Next, we compared the performance of popular sequence-based models like DeepDTA, SimCNN-DTA, and GraphDTA on random splits and CCV splits. The results are reported in Table 4. The performance measured by mean-squared error (MSE) and concordance index (CI) closely resembles the published results for random splits indicating correct reimplementations of all of the methods. From the reported values, it can be seen that there is a significant reduction in performance evidenced by poorer values for all metrics. The MSE increases by at least 2 times on going from random splitting to clustered cross validation. The Pearson correlation between the predicted affinity values and the true affinity values is also very low (sometimes even lower than 0.5), indicating that there is not much of a linear correlation between the two values. This clearly indicates the level of optimism random splits provide for these data sets as compared to more practical situations when the model is exposed to unseen protein–ligand pairs.
Table 4. Comparison of Performances on Random vs CCV Splits for Sequence-Based Models.

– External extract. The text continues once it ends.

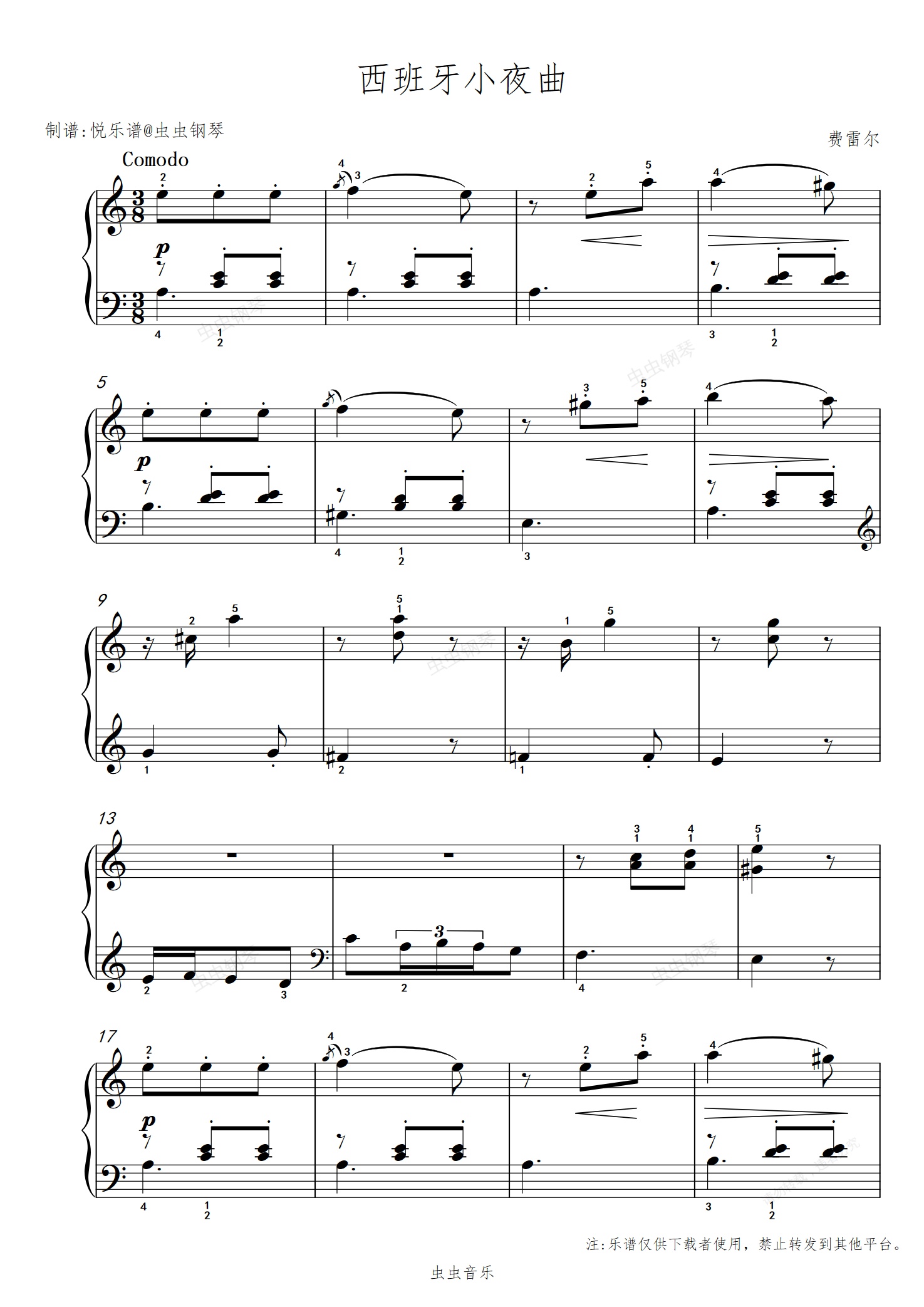 钢琴谱:西班牙小夜曲【抒情-欢快】

| on Davis | RMSER | RMSEC | CIR | CIC | Pearson RR | Pearson RC |
|---|---|---|---|---|---|---|
| DeepDTA | 0.489 | 0.790 | 0.884 | 0.763 | 0.841 | 0.477 |
| SimCNN-DTA | 0.548 | 0.825 | 0.855 | 0.739 | 0.808 | 0.456 |
| GraphDTA(GIN) | 0.478 | 0.854 | 0.886 | 0.670 | 0.844 | 0.314 |
| On KIBA | RMSER | RMSEC | CIR | CIC | RR | RC |
| DeepDTA | 0.423 | 0.764 | 0.860 | 0.673 | 0.864 | 0.497 |
| SimCNN-DTA | 0.484 | 0.729 | 0.827 | 0.657 | 0.822 | 0.422 |
| GraphDTA(GIN) | 0.383 | 0.721 | 0.883 | 0.658 | 0.885 | 0.511 |
Represents performance on random split.
Represents performance on clustered cross-validation split.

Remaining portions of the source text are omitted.